START AVAILABLE RECORDS
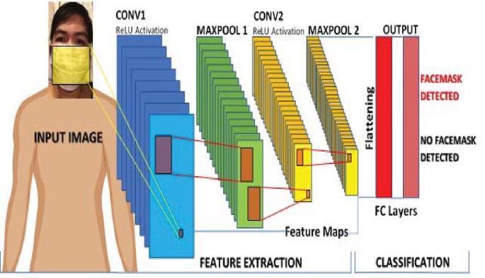 Facecanbediscoveredinbothstaticimagesandreal time video streams using this face detection algorithm. Overall, thismodelisquick,preciseandresource efficient.Nowthe model has been trained, it can be used to detect the existence of masks in any image. The given image is initiallyfedintoafacedetectionmodel,whichdetectsallof thefacesinit.Subsequently,thesefacesareintegratedinto an CNN based face mask detection algorithm. The model wouldidentifythehidden patterns/features ofthepicture andcategorizeitas"Mask"or"NoMask."
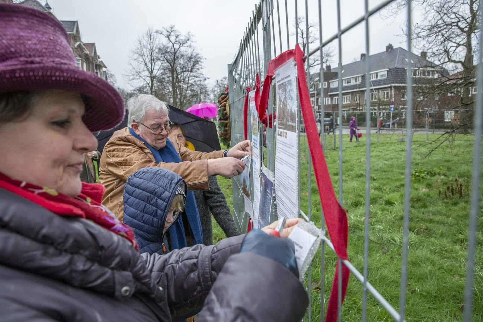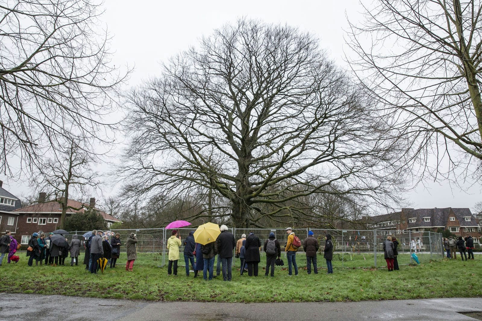 Omdat de beuk ziek is en er takken los kunnen laten staat er al een tijdje een hek van de gemeente omheen. Aan dit hek zijn allerlei versieringen aangebracht. Na de toespraken werden een aantal van deze versieringen verwijderd en in een doos gestopt zodat ze niet in de prullenbak verdwijnen wanneer de boom later deze maand wordt gekapt.
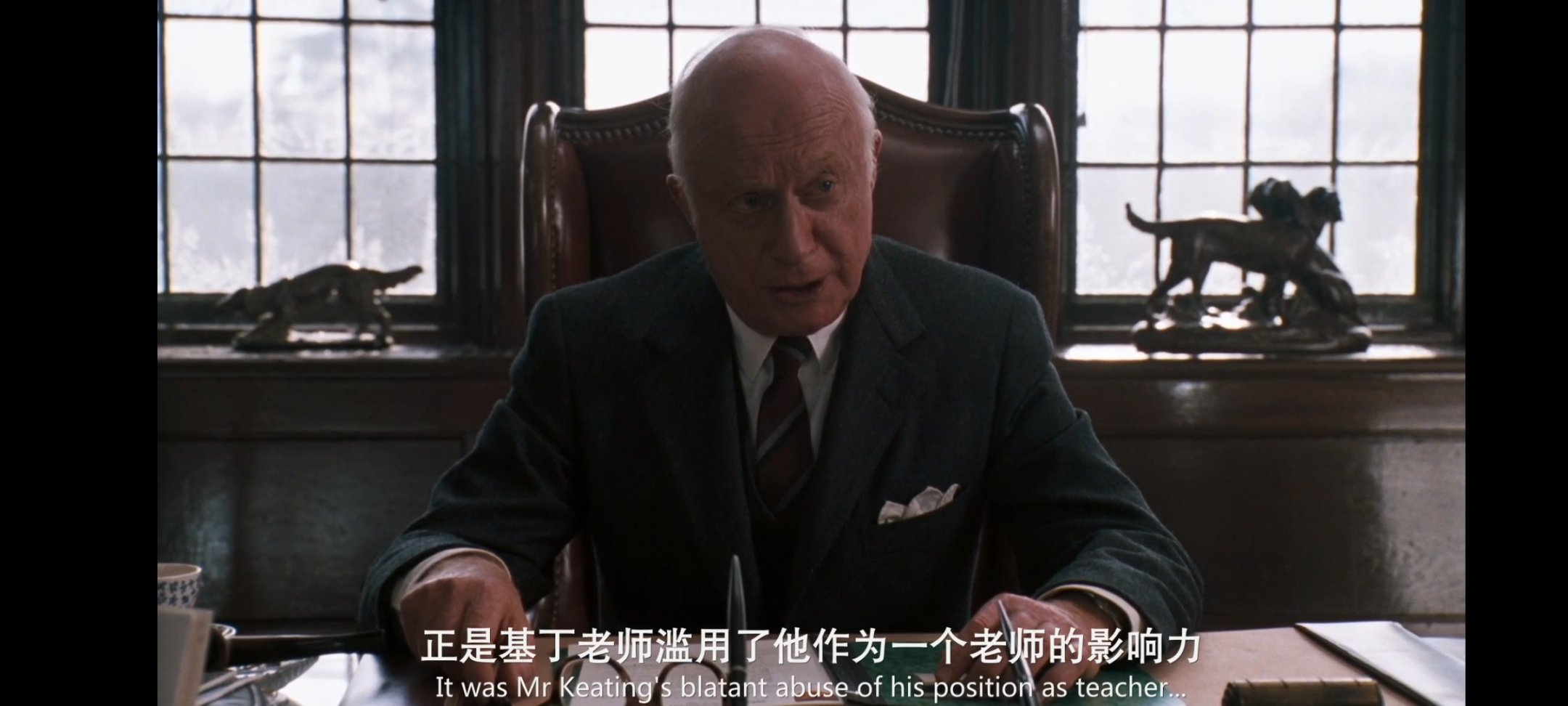 尼爾的死亡到底跟基廷有沒有聯繫,我認爲是有一點的,誠然,尼爾在基廷到來之前,在宿舍裏面展現出來的活潑和開朗就相當顯眼,他看起來快樂而又無憂無慮,實際上他的父母將自己曾經沒做到過的事情,沒得到的東西全部化作一顧怨念壓迫在尼爾的身上,他承受着這些的同時,極力追求着能讓自己放鬆的東西。
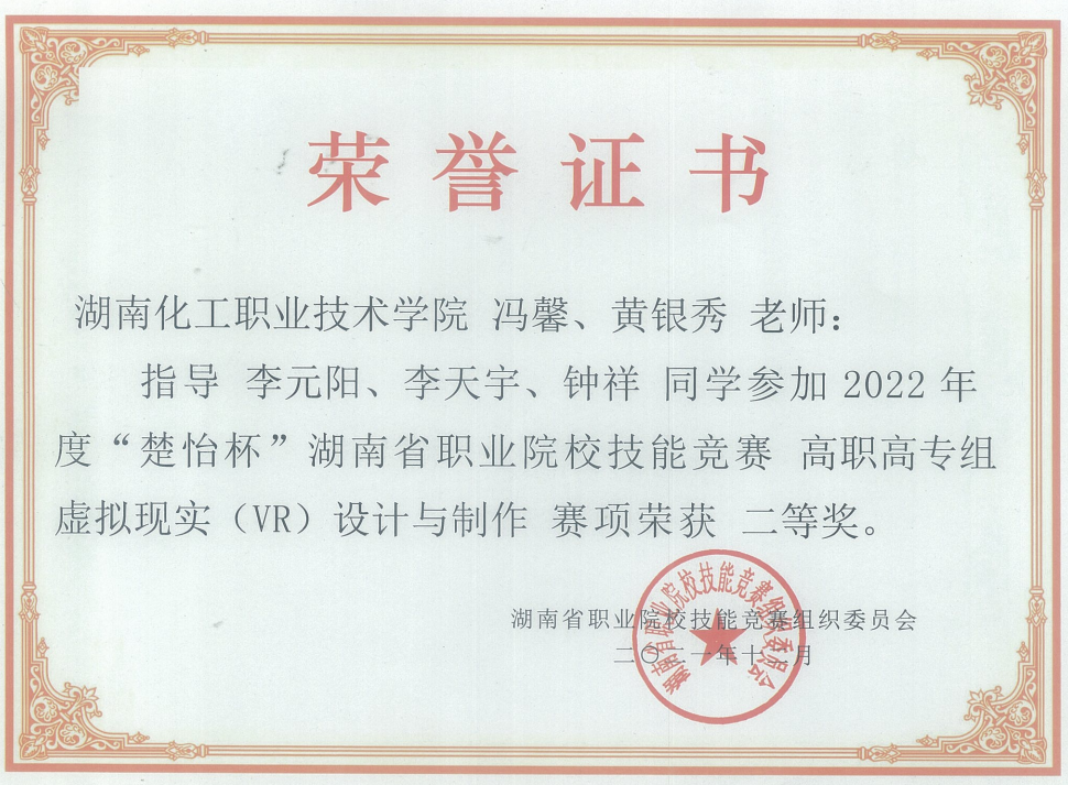 虚拟现实(VR)设计与制作赛项 省级二等奖 |
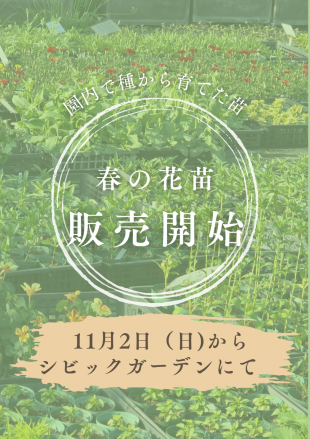 11月2日(日)より、シビックガーデンにて春の花苗販売を開始いたします。 当園にて種から育てた苗になります。 ぜひ、ご利用下さい!
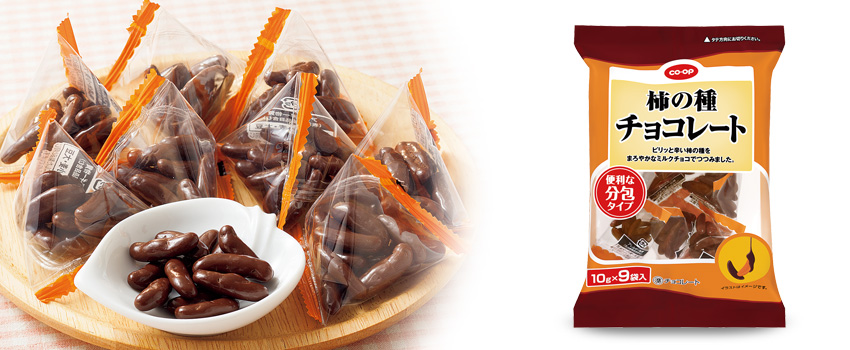 ピリッとした柿の種を、まろやかな口あたりのチョコでくるんだ、人気のチョコ菓子です。食べやすい分包タイプにしました。
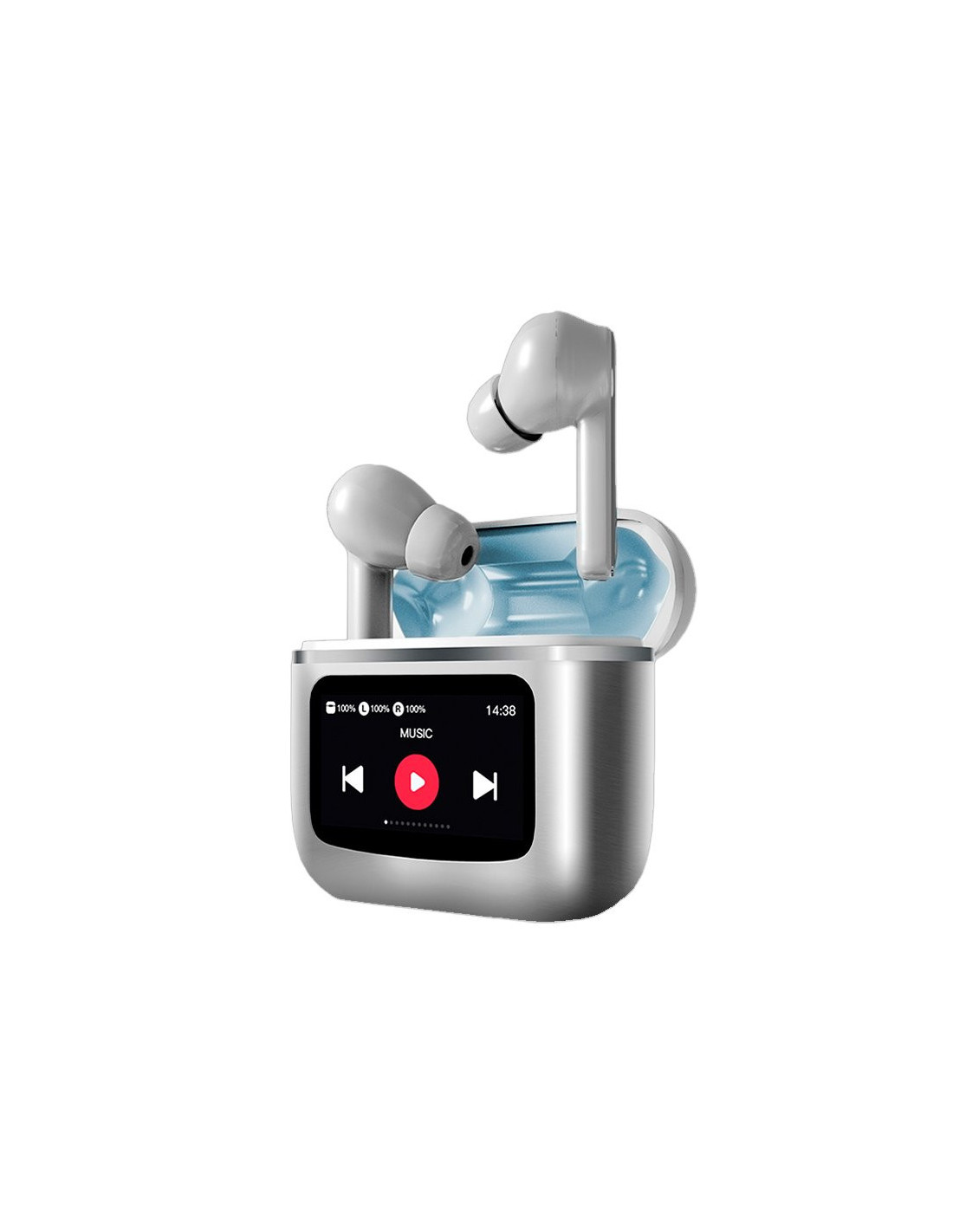 Auriculares estéreo Bluetooth para escuchar música y hablar por teléfono gracias a su conexión bluetooth. Novedoso diseño con pantalla táctil multifunción intengrada en la caja cargadora.
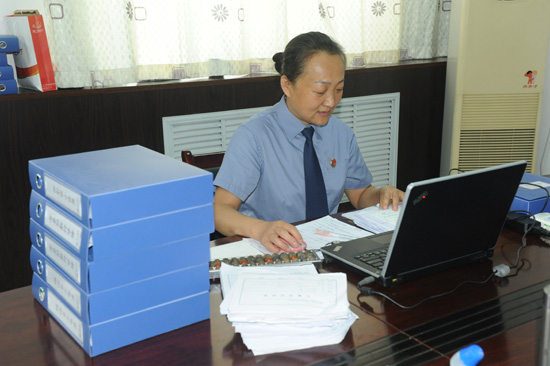 她的“站”要從1994年7月說起。那是一個伴著“知了”聲的酷暑,宋尚環和往常一樣騎著大28自行車去辦案了。然而,誰也沒料到,宋尚環遭遇車禍了。當她醒來的時候,看見醫生診斷書赫然寫著“第五腰椎和尾骨骨折”,她的第一句話竟是:“等我給村民們作完筆錄回來再治,讓我出院!”在領導、同事和醫生的強制要求下,宋尚環在醫院接受了治療。可是,當她聽來看望的同事說案件進入審判環節后證言發生變化,又不安生了:“必須重新固定證據才行,我去協助查賬,我要出院!”醫生說:“你的腰椎傷未愈合,現在只能站立行走,不能坐,不然容易引起腰椎骨折處變形移位、壓迫神經等更嚴重的后果。”辦理了出院手續,宋尚環直接進駐辦案點查賬。沒辦法坐著工作,她就站著。一會兒的功夫,她的雙腿、腳踝就腫脹起來,再加上受傷部位壓迫,疼痛難忍,她還是咬牙挺住了。實在熬不住了,就在看賬室的沙發上躺一會兒,休息片刻后起來再繼續看賬。領導和同事們看在眼里,疼在心里,都勸她回醫院療傷。她卻裝出輕松的樣子說:“沒事,這點工作沒什么,累不著我,最多就是留個風濕的小毛病!”就這樣,她站立著用了短短兩天的時間,就在繁雜的票據中固定了犯罪證據。一天下來,就是個健康人也覺得頭暈腦脹,可是她,硬拖著病弱的身軀支撐到最后。此時,她才長長地舒了一口氣,終于放心地倒下了,被送回醫院。可是,打那以后,宋尚環再也不能久坐了。
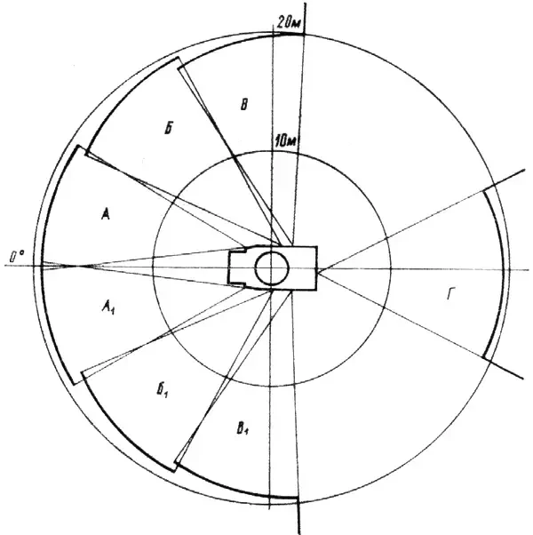 Рис. 2. Зоны обстрела стрелковым оружием: А, А1 — правый (-5...+30°) и левый (+5...-30°) ПКТ; Б, Б1 — правый передний (25. . .60°) и левый передний (-25...-60°) АК; В, В1 — правый задний (57°30'…92°30') и левый задний (57°30'… 92°30') АК; Г — кормовой ( ±27°30') АК
END AVAILABLE RECORDS
Copy nothing but the lines above from the one with "虚拟现实(VR)设计与制作赛项 省级二等奖 |" to the one with "Auriculares estéreo Bluetooth", inclusive, word for word. Leave every picture out.

 虚拟现实(VR)设计与制作赛项 省级二等奖 |
 11月2日(日)より、シビックガーデンにて春の花苗販売を開始いたします。 当園にて種から育てた苗になります。 ぜひ、ご利用下さい!
 ピリッとした柿の種を、まろやかな口あたりのチョコでくるんだ、人気のチョコ菓子です。食べやすい分包タイプにしました。
 Auriculares estéreo Bluetooth para escuchar música y hablar por teléfono gracias a su conexión bluetooth. Novedoso diseño con pantalla táctil multifunción intengrada en la caja cargadora.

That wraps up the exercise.